Joe Wingate brought over from Northern Ireland a pure strain of chickens in 1870 into his Alabama farm. These birds were mostly brown red in breast and feather color, with some showing ginger colors, but all showing dark legs and hazel eyes. The hens in particular were sharp and stylish looking, all of them dark brown or ginger and some showing straw neck feathers. The stock were medium stationed and many grew spurs.
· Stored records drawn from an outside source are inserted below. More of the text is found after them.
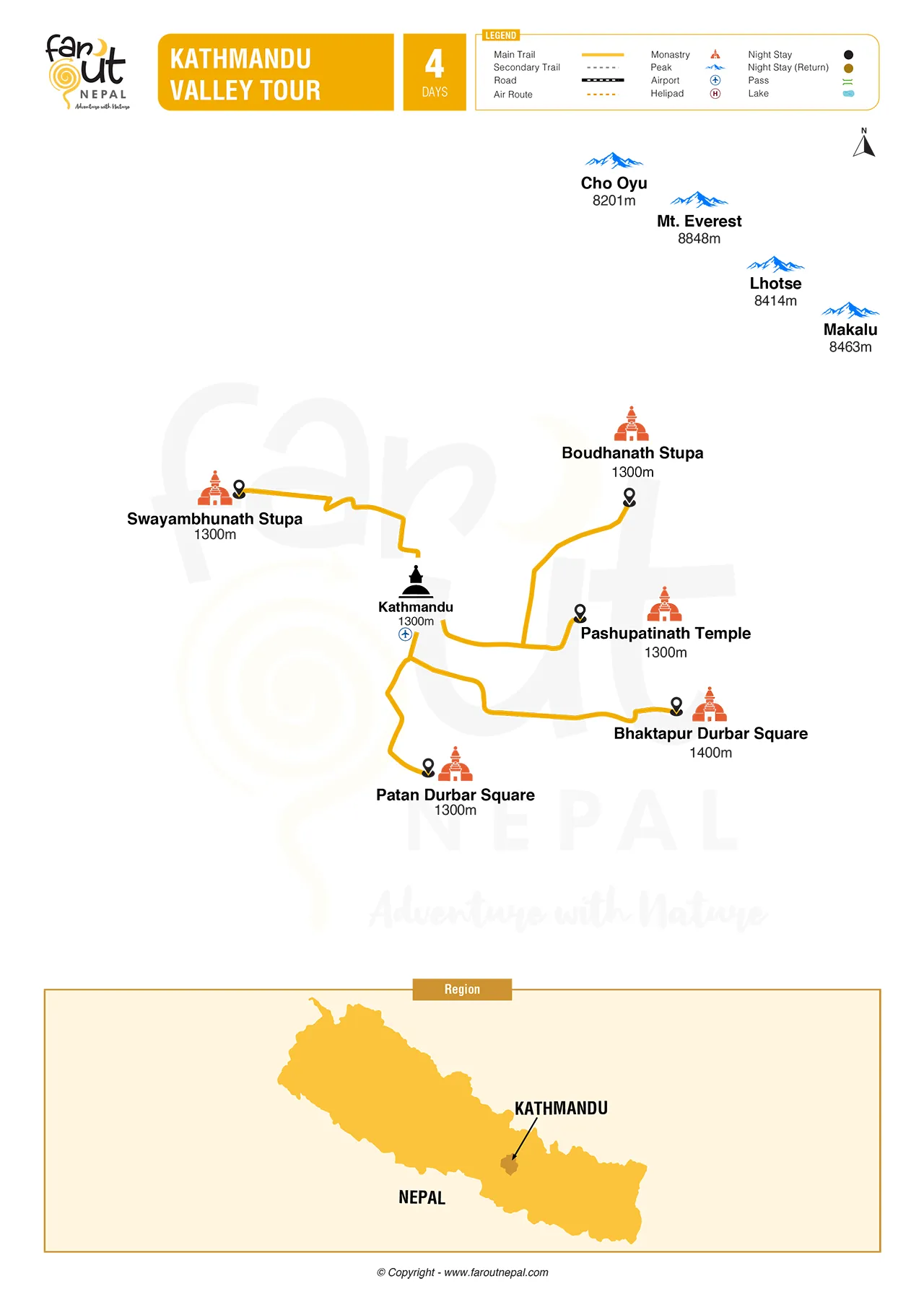 Anyone who has an interest in knowing the history, culture, spiritual touch and view of Himalayas of Nepal in a short span of time, 04 Days Kathmandu Valley tour will be an ideal one.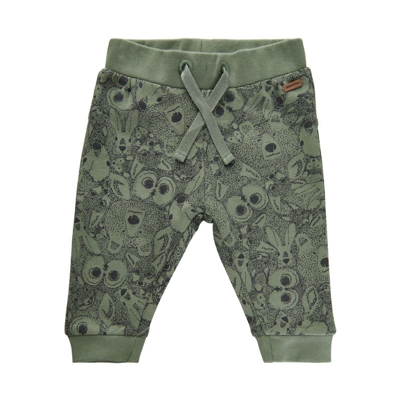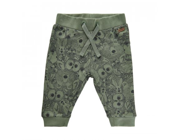 Stilige joggebukser i støvgrønt med dyretrykk.Buksenne har en bred ribbestrikket kant, elastikk og snørebånd i livet, og ribbestrikket kant ved anklene.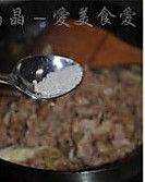 放入姜丝儿,加入料酒、酱油、盐。羊肉五分熟后再放入葱段,继续翻炒。根据情况可以放入少量面粉勾芡。也可以不放。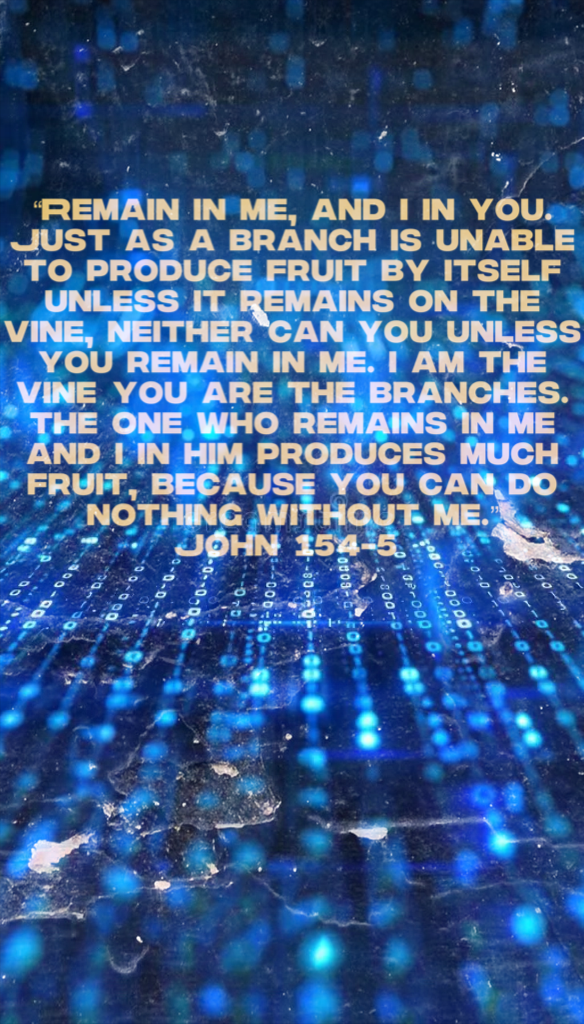 “Every branch in me that does not produce fruit he removes, and he prunes every branch that produces fruit so that it will produce more fruit. You are already clean because of the word I have spoken to you. Remain in me, and I in you. Just as a branch is unable to produce fruit by itself unless it remains on the vine, neither can you unless you remain in me. I am the vine; you are the branches. The one who remains in me and I in him produces much fruit, because you can do nothing without me.” – John 15:2-5

One of the Irish hens among his brood was Joe`s personal choice and he even had the chicken set up and mounted when she died as a memento of her best breeding days. This stuffed and preserved progenitus of the Brown Red bloodline is still on display but it looks nothing like the modern generation hens of the Wingate bloodline of Brown Reds. The cocks of this family were not big cocks weighing in at 5.4 lbs. or under. Joe Wingate made the effort to improve the bloodline by crossing with an English hen, mahogany colored and with dark legs, then line breeding to the original line to keep the stock intact and with new vigor. The line from this mix was brown feathered or ginger red breasted, had dark legs and hazel eyes like the original Irish gamefowl he shipped in. They were broad backed and not heavy, though strong boned.
These fighters were quick off the drop, fast and strong in the mix-up; with the cocks just rushing at their enemy with wild cutting attacks that don\'t stop. They break for defense, but don't fly high.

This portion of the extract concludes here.